<<<<

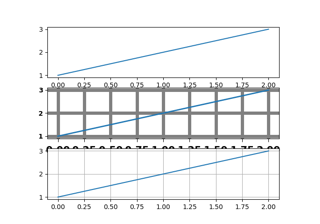 axes.Axes.grid.Die Achse wird als eine Einheit gezeichnet, daher wird der effektive zorder für das Zeichnen des Gitters durch den zorder jeder Achse bestimmt, nicht durch den zorder der
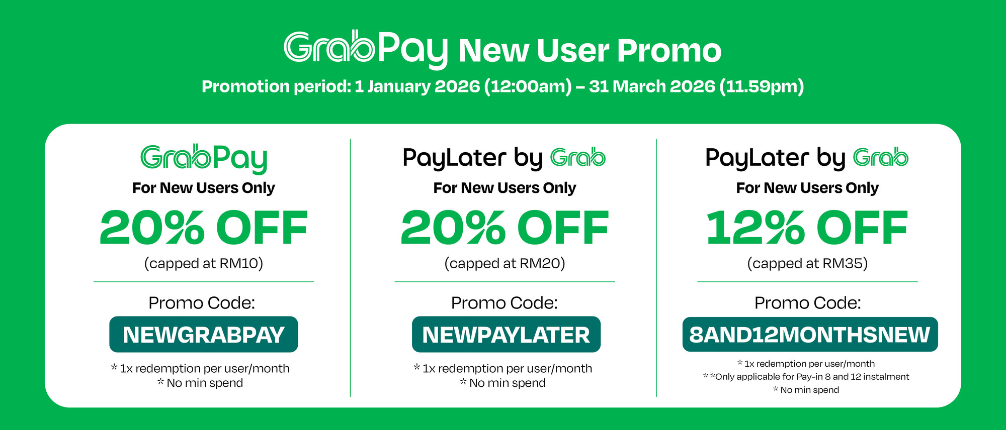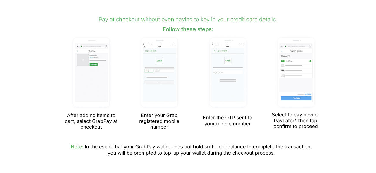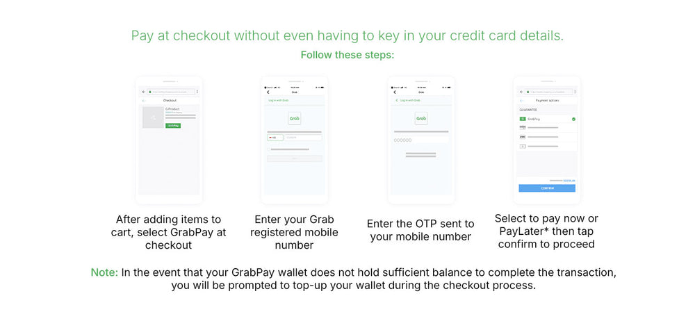 All PayLater transactions are billed and deducted automatically from your GrabPay Wallet. If there is insufficient balance in your GrabPay wallet, we will top up your GrabPay Wallet from your linked card and deduct the bill amount automatically. It will appear as a Grab transaction on your credit / debit card bill.
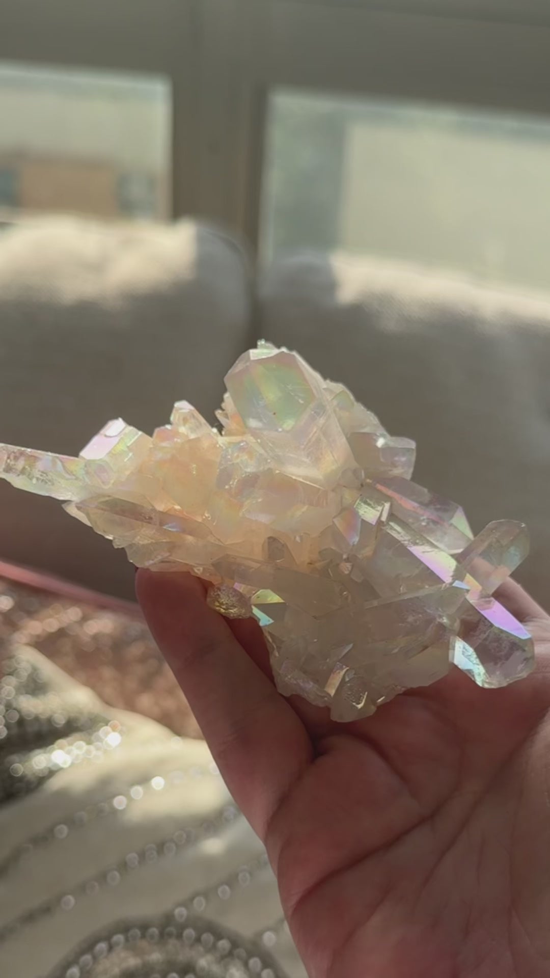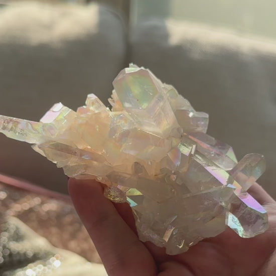This angel aura quartz cluster radiates soft rainbow light in every direction — a dreamy, iridescent piece perfect for display or energy work. Ethereal in appearance and calming in energy, she brings peace, mental clarity, and a luminous vibe to your space.
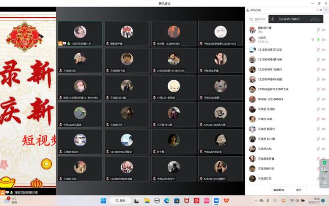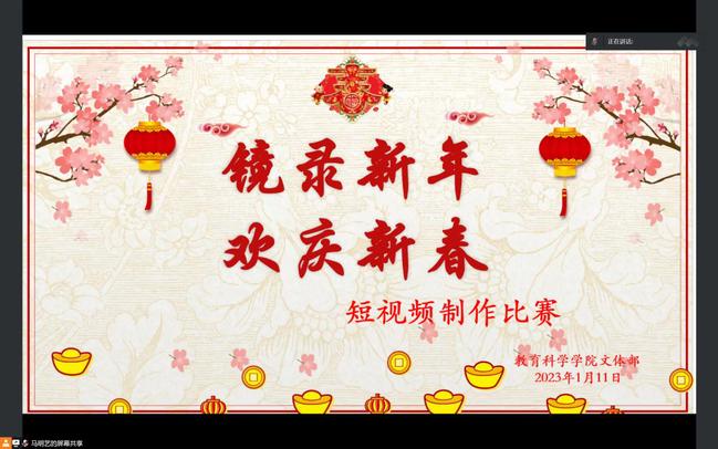 前期经过参赛同学的精心准备,短视频最大程度地展现了不同地区的新年习俗,视频内容丰富多彩,大草原上一排排蒙古包、屋檐上挂着的红灯笼等都让人印象深刻;贴春联、包饺子、写“福”字等传统习俗,无一不表现出同学们对新年的期盼;一桌桌热腾腾的饭菜表现出与家人团圆的喜悦......有的同学已提前放起了美丽的烟花,一场场璀璨夺目的烟花背后,是对新年的祝福与对未来学习生活的期盼。精选的背景音乐与镜头转场特效也让视频的表现效果大幅提高,有的同学还配以感情充沛的朗诵表达内心新的一年来临的喜悦。在视频作品展示的最后,主持人进行总结并提前表达了对同学们的新春祝福。
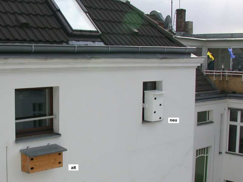 ... Diesmal sind die Spatzenjungen schon dem Nest entwachsen und groß genug, um nicht wieder von den Seglern verdrängt zu werden. Die Segler haben jetzt 8 Bruthöhlen. Hoffentlich spricht sich das bald in Seglerkreisen rum! |
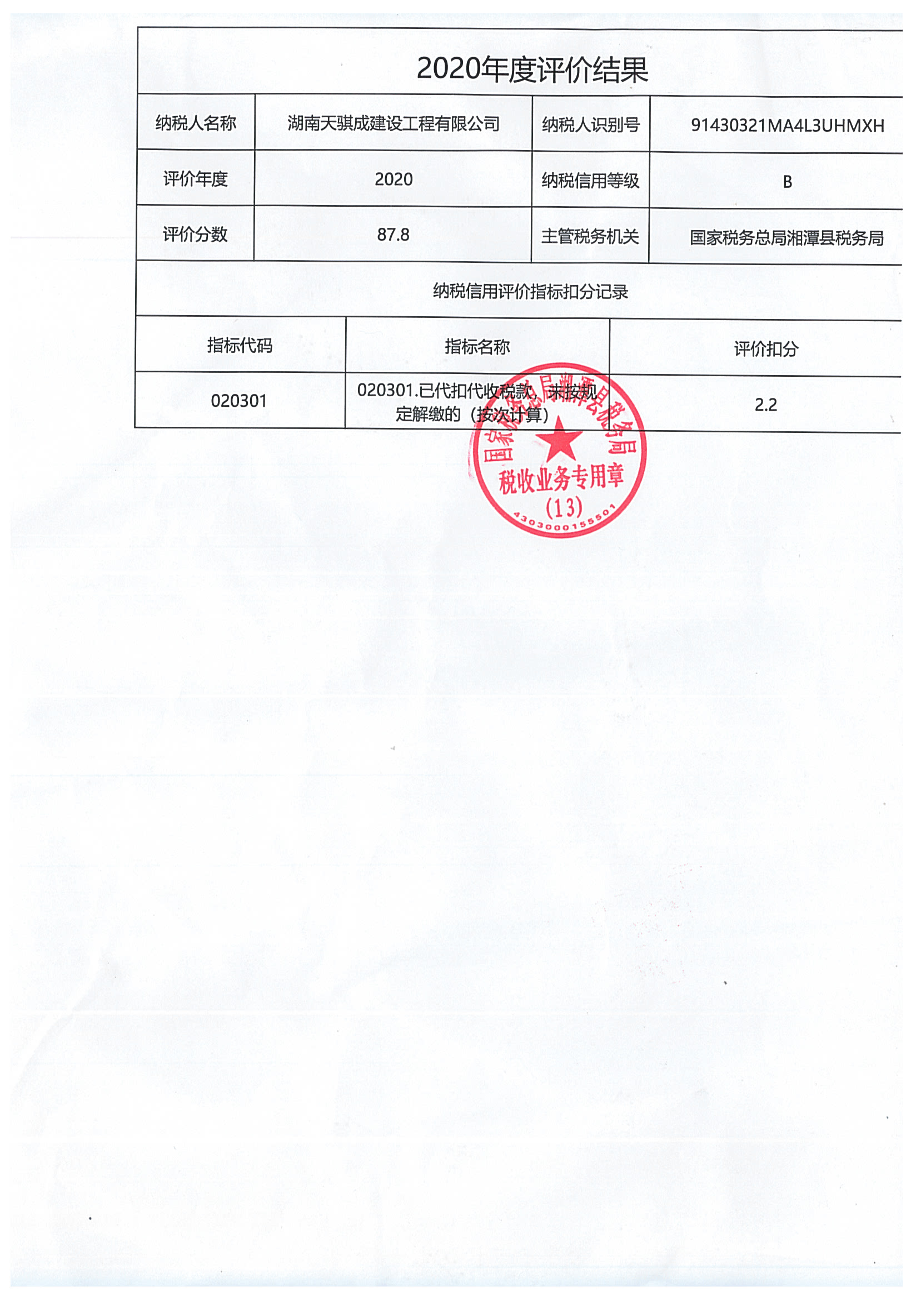 企業(yè)納稅信用等級報告:
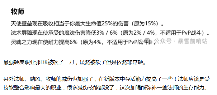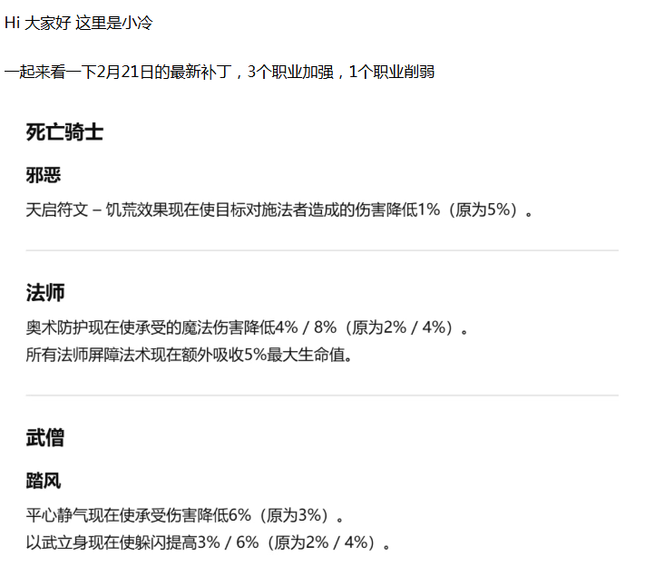 【魔兽世界】2月21日最新补丁!3个职业加强,1个职业削弱
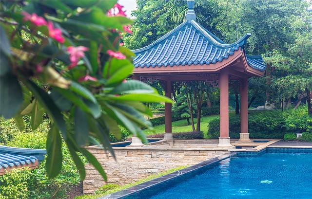 中国风韵味十足的建筑掩映在绿植碧水间。
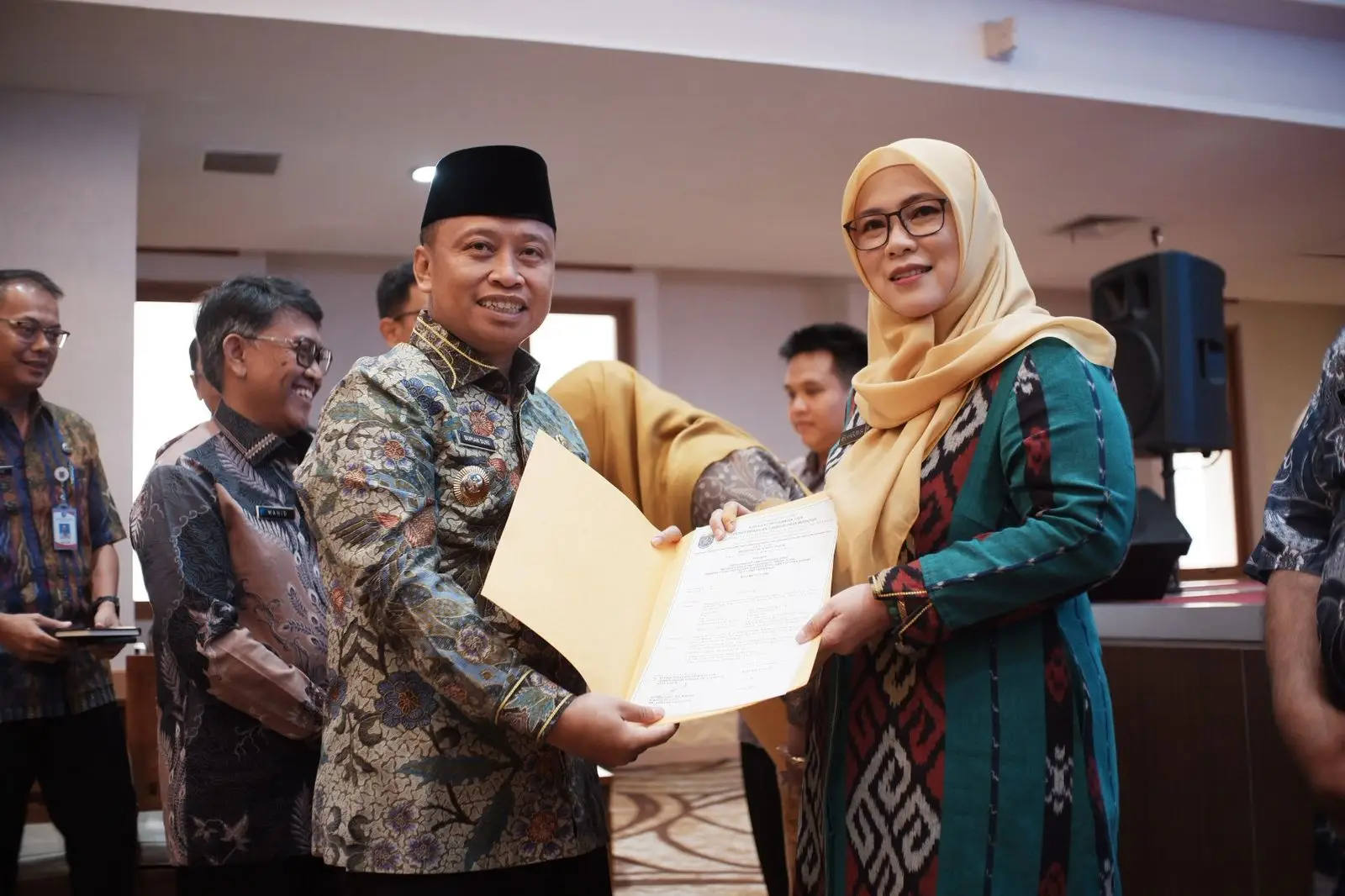 Depok — Wali Kota Depok, Supian Suri, menyerahkan Surat Keputusan (SK) Kepala Sekolah serta melaksanakan Serah Terima Jabatan (Sertijab) Pengawas Sekolah di Aula Lantai 10 Gedung Dibaleka II, Balai Kota Depok, Jumat (6/3/2026).
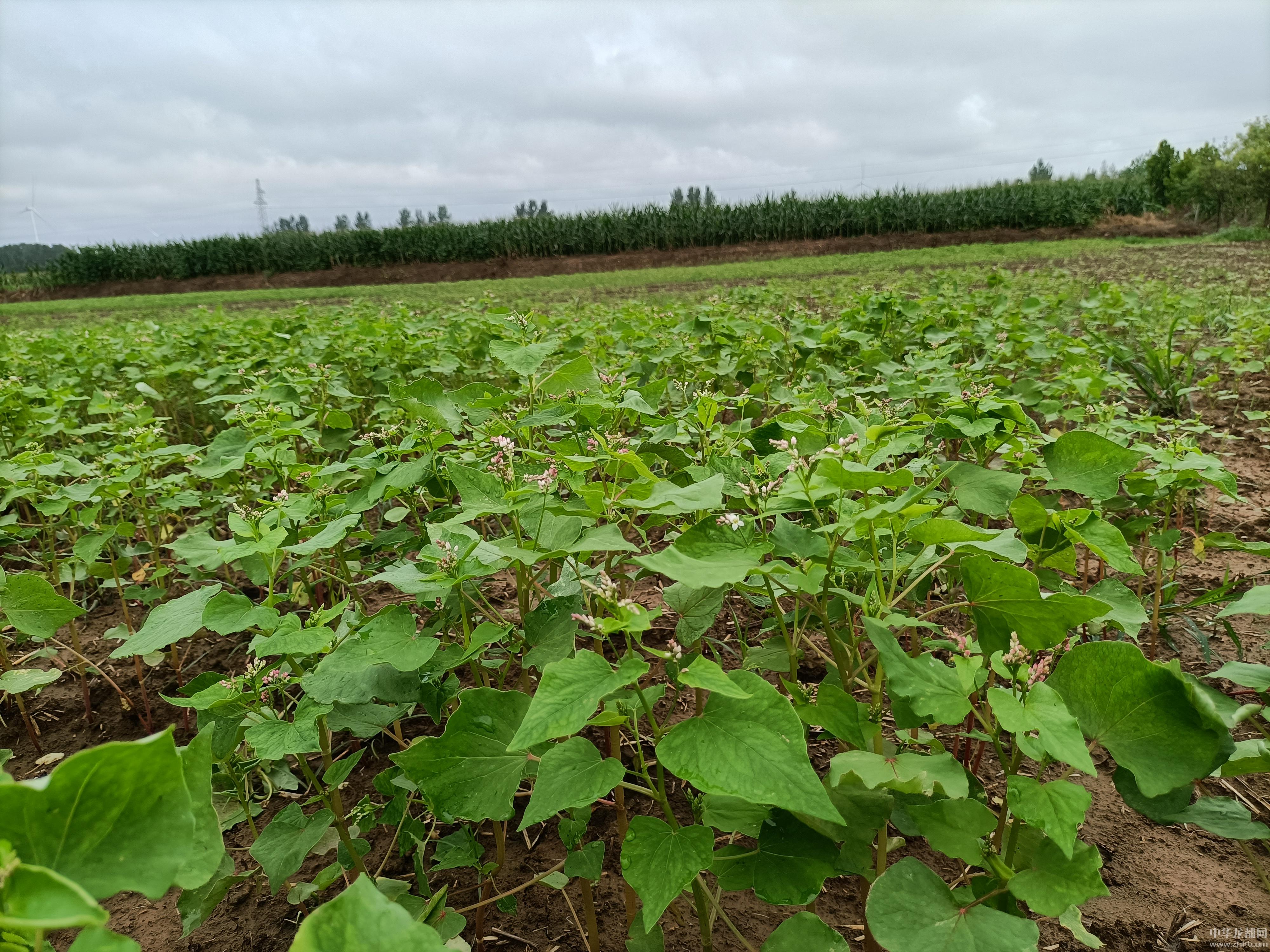 田里是災(zāi)后補(bǔ)種的水果玉米和蕎麥,他指著田里的綠苗,從西向東給記者依次介紹:“西邊的玉米苗最高,你看都長(zhǎng)到9葉1芯了,是7月31日播的;這邊稍矮一些,是8月3日種的,東邊更矮的是8月6日種的。當(dāng)時(shí)是,田里的積水排除一塊耕種一塊,等最東面的地塊可以栽種時(shí),已經(jīng)過了水果玉米適播期,我就從內(nèi)蒙古引進(jìn)苦蕎種子,種了下去,你看已經(jīng)開花了?!?/p>
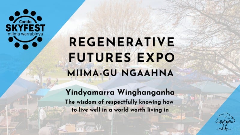 Our first Regenerative Futures Expo: Miima-gu Ngaahna (Reaching for the Stars), part of Condo SkyFest Miima Warrabinya, embodies a commitment to protecting and nurturing Country in the spirit of Yinndyamarra Winhanganha (The wisdom of respectfully knowing how to live well in a world worth living in.)
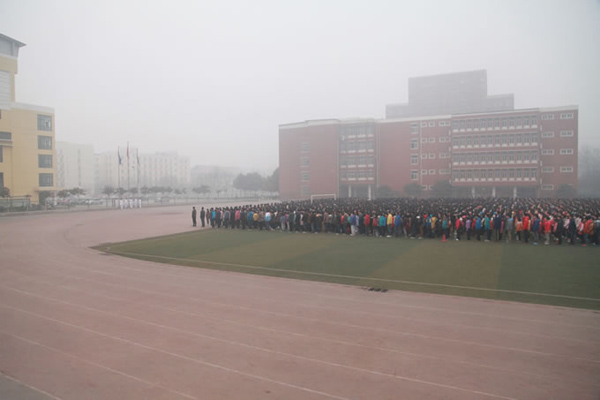 2013年2月25日清晨,河南省實驗中學全體師生齊聚運動場隆重舉行新學年第一次升旗儀式。
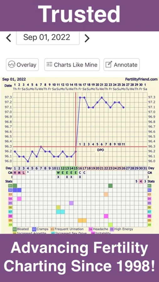 Track your period and other fertility signs (basal body temperature/BBT, cervical fluid, symptoms, etc). Fertility Friend will alert you to your ovulation date and the best days to conceive and offer personal, timely insights.
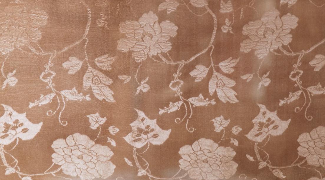 此外,该文物出土时已为黄褐色,暗花纹样已难以直接采样,为了更准确地进行纹样的复原,采样过程中还借助现代高清扫描设备,拍摄显微细节图达几百张,“通过显微细节图的组织分析,区别花部和地部,以更精准地还原文物本色。”光这个过程,他们就耗时整整6个月,分析核对了上百万个组织点,才成功分析出三经绞罗的单循环纹样样式:芙蓉牡丹折枝纹,穿插双鱼结,部分叶内饰有菱形朵梅,体现了宋代雅致之风。
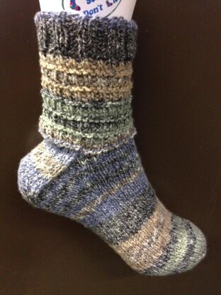 This is a knitting pattern for an ankle length sock. It is knitted in the round with DK yarn. The length of the foot can be altered to fit.

>>>>

- Exercise goal:
Can you restate all the records above word for word while dropping the pictures?

- Answer section:
 axes.Axes.grid.Die Achse wird als eine Einheit gezeichnet, daher wird der effektive zorder für das Zeichnen des Gitters durch den zorder jeder Achse bestimmt, nicht durch den zorder der
 All PayLater transactions are billed and deducted automatically from your GrabPay Wallet. If there is insufficient balance in your GrabPay wallet, we will top up your GrabPay Wallet from your linked card and deduct the bill amount automatically. It will appear as a Grab transaction on your credit / debit card bill.
This angel aura quartz cluster radiates soft rainbow light in every direction — a dreamy, iridescent piece perfect for display or energy work. Ethereal in appearance and calming in energy, she brings peace, mental clarity, and a luminous vibe to your space.
 前期经过参赛同学的精心准备,短视频最大程度地展现了不同地区的新年习俗,视频内容丰富多彩,大草原上一排排蒙古包、屋檐上挂着的红灯笼等都让人印象深刻;贴春联、包饺子、写“福”字等传统习俗,无一不表现出同学们对新年的期盼;一桌桌热腾腾的饭菜表现出与家人团圆的喜悦......有的同学已提前放起了美丽的烟花,一场场璀璨夺目的烟花背后,是对新年的祝福与对未来学习生活的期盼。精选的背景音乐与镜头转场特效也让视频的表现效果大幅提高,有的同学还配以感情充沛的朗诵表达内心新的一年来临的喜悦。在视频作品展示的最后,主持人进行总结并提前表达了对同学们的新春祝福。
 ... Diesmal sind die Spatzenjungen schon dem Nest entwachsen und groß genug, um nicht wieder von den Seglern verdrängt zu werden. Die Segler haben jetzt 8 Bruthöhlen. Hoffentlich spricht sich das bald in Seglerkreisen rum! |
 企業(yè)納稅信用等級報告:
 【魔兽世界】2月21日最新补丁!3个职业加强,1个职业削弱
 中国风韵味十足的建筑掩映在绿植碧水间。
 Depok — Wali Kota Depok, Supian Suri, menyerahkan Surat Keputusan (SK) Kepala Sekolah serta melaksanakan Serah Terima Jabatan (Sertijab) Pengawas Sekolah di Aula Lantai 10 Gedung Dibaleka II, Balai Kota Depok, Jumat (6/3/2026).
 田里是災(zāi)后補(bǔ)種的水果玉米和蕎麥,他指著田里的綠苗,從西向東給記者依次介紹:“西邊的玉米苗最高,你看都長(zhǎng)到9葉1芯了,是7月31日播的;這邊稍矮一些,是8月3日種的,東邊更矮的是8月6日種的。當(dāng)時(shí)是,田里的積水排除一塊耕種一塊,等最東面的地塊可以栽種時(shí),已經(jīng)過了水果玉米適播期,我就從內(nèi)蒙古引進(jìn)苦蕎種子,種了下去,你看已經(jīng)開花了?!?/p>
 Our first Regenerative Futures Expo: Miima-gu Ngaahna (Reaching for the Stars), part of Condo SkyFest Miima Warrabinya, embodies a commitment to protecting and nurturing Country in the spirit of Yinndyamarra Winhanganha (The wisdom of respectfully knowing how to live well in a world worth living in.)
 2013年2月25日清晨,河南省實驗中學全體師生齊聚運動場隆重舉行新學年第一次升旗儀式。
 Track your period and other fertility signs (basal body temperature/BBT, cervical fluid, symptoms, etc). Fertility Friend will alert you to your ovulation date and the best days to conceive and offer personal, timely insights.
 此外,该文物出土时已为黄褐色,暗花纹样已难以直接采样,为了更准确地进行纹样的复原,采样过程中还借助现代高清扫描设备,拍摄显微细节图达几百张,“通过显微细节图的组织分析,区别花部和地部,以更精准地还原文物本色。”光这个过程,他们就耗时整整6个月,分析核对了上百万个组织点,才成功分析出三经绞罗的单循环纹样样式:芙蓉牡丹折枝纹,穿插双鱼结,部分叶内饰有菱形朵梅,体现了宋代雅致之风。
 This is a knitting pattern for an ankle length sock. It is knitted in the round with DK yarn. The length of the foot can be altered to fit.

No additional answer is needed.